The Hippie Movement Goes Mainstream
While most of us inextricably associate hippies with the ’60s, the truth is that most Americans had no idea what a hippie was until 1967. Thanks to D.A. Pennebaker bringing a film crew to the Monterey Pop Festival, images of San Francisco hippies and Hendrix burning his guitar were broadcast around the country after Monterey, introducing America to the long-haired, tie-dyed, dope-smoking, music-obsessed California subculture. After Monterey, hippies became a driving, defining force in pop culture — as well as a target for conservative critics and corporate suits with dollar signs in their eyes.

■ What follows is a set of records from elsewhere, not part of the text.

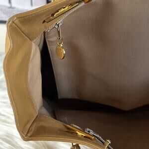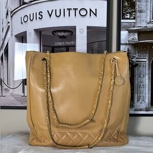 Elegant tan leather tote bag with a quilted design and gold chain straps. Perfect for everyday use.
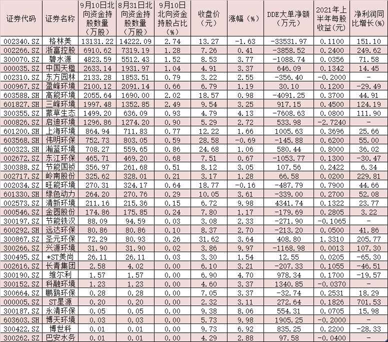 表:9月份以來獲北向資金持有的生態(tài)環(huán)境概念股一覽
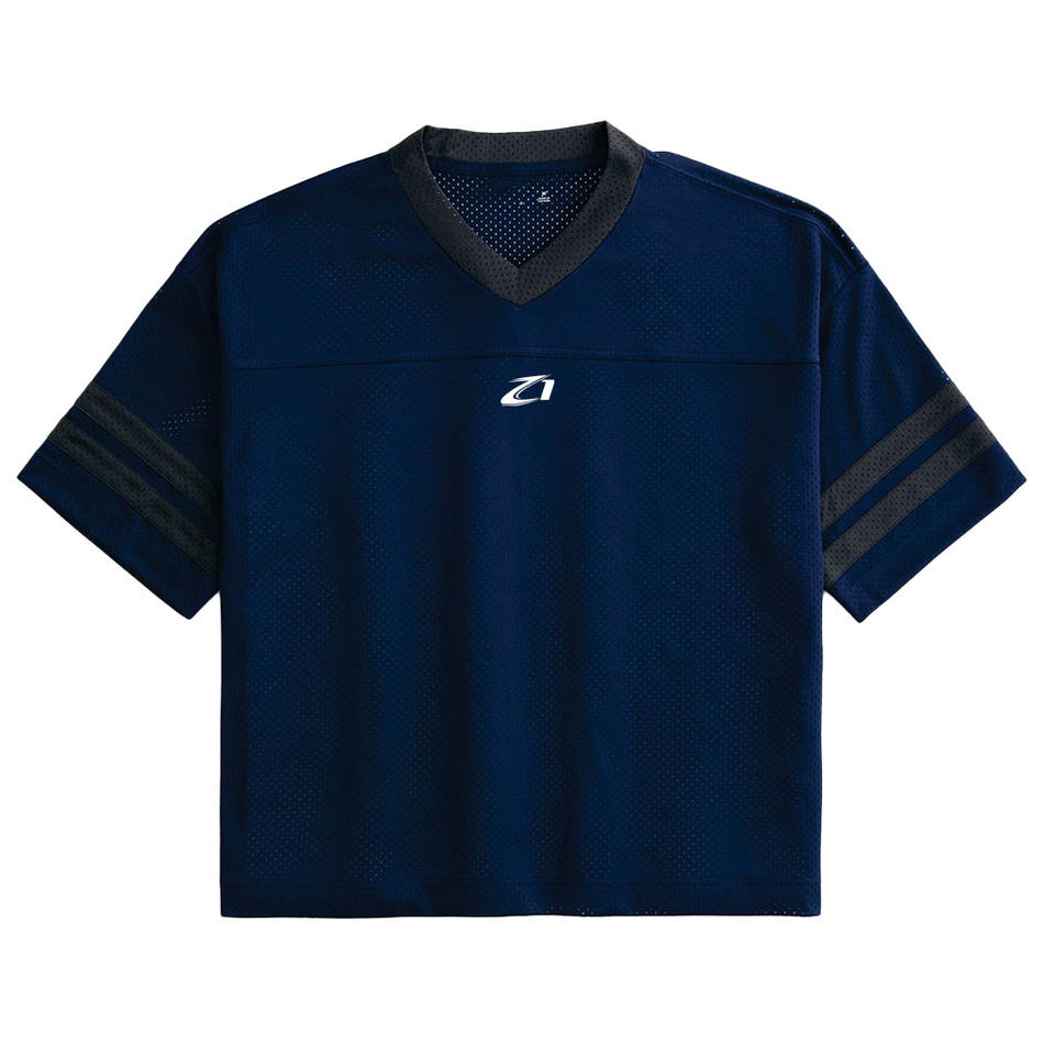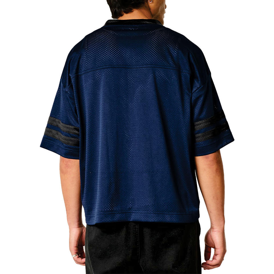 เสื้อเจอร์ซีย์อเมริกันฟุตบอลตาข่ายสีน้ำเงินกรมท่าสั่งทำขายส่ง เสื้อผ้าสตรีทแวร์ขนาดใหญ่พิเศษ เสื้อยืดตาข่ายแบบยูนิเซ็กซ์ บริการ OEM สหรัฐอเมริกา
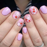 Yeknu 24Pcs Square Press-on Nails Set with Pink Flower Patterns Full Cover Acrylic French Nail Tips Adhesive For Stylish Women/Girls
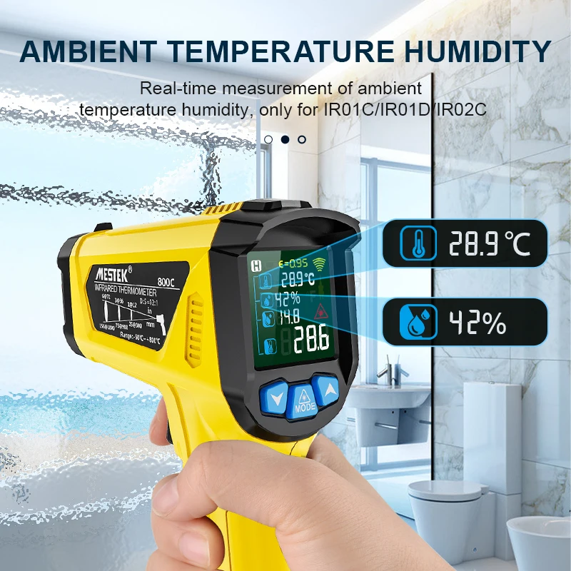 Modello 800C: -50~800°C, funzione termocoppia, umidità della temperatura ambiente, punto di voglia, misurazione della muffa, può misurare liquidi
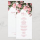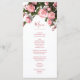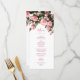 Detta meny kort för vilda blommor har rosa 3D-rosor och grönska och ett elegant handskrivet typsnitt på vit bakgrund. Anpassa det med brud och brudgum namn på baksidan.
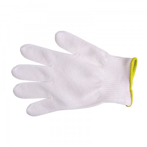 MercerGuard™ Cut Glove, Size XS, 13 gauge, fits left or right hand, ultra-high molecular weight polyethylene reinforced knit construction, permanent antimicrobial protection, washable and bleach safe, FDA approved materials, ANSI level A4 cut protection, color-coded cuff to indicate size, white with gold cuff, Made in USA
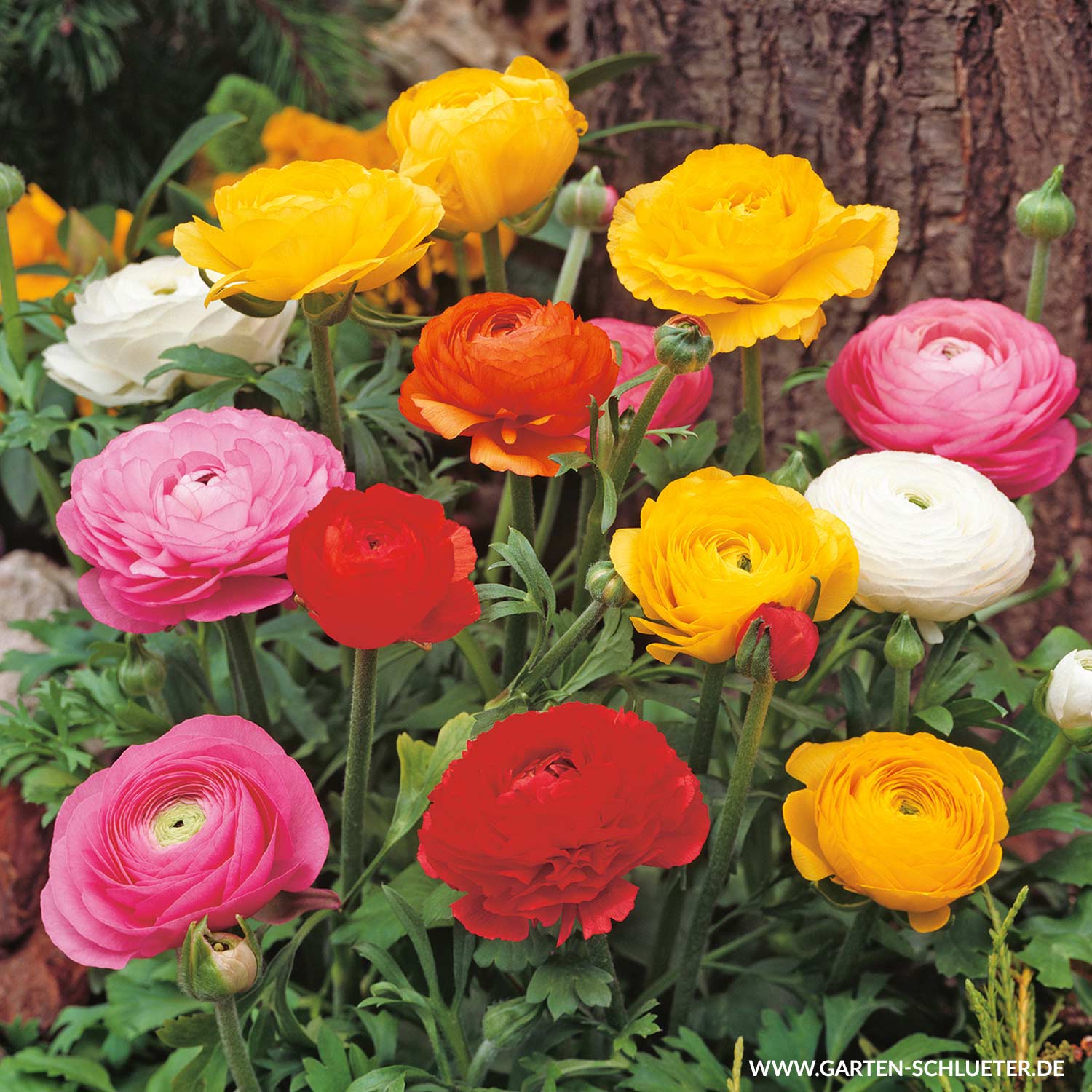 Diese Ranunkel-Mischung ist eine Auswahl von farbenfrohen und gefüllten Ranunkeln, die alle mit ihren tollen Blütenbällen überzeugen. Eine Pflanzung in der Gruppe erzielt den besten Effekt

The First (Major) Music Fest
Technically, there was one music festival before it, but Monterey was the first professionally executed music festival — it inspired Woodstock and paved the way for modern fests like Coachella by demonstrating that teens and twenty-somethings were willing to pay more than a typical ticket price for a full concert experience.
Janis Joplin Becomes a Star
Thanks to her inclusion in Pennebaker’s documentary about the music fest, Janis Joplin went from San Francisco scenester to A-list rock star after Monterey. As Moby Grape’s Peter Lewis told Billboard, “The day before, Janis couldn’t have gotten arrested. The day after, she couldn’t get rid of the guys in suits.”
The Who & Otis Redding Break Through
Apart from introducing the world to hippies and demonstrating that music festivals could be big business, there was also the little thing about, you know, the music. The Who’s guitar-smashing performance established them as viable stars in America, and Otis Redding’s astonishing set introduced him to a white, middle-class audience. Redding’s Monterey appearance is also one of the greatest live performances of all time — just listening to the audio of “Try A Little Tenderness” at Monterey is a near-religious experience. For those in attendance, it was a complete revelation.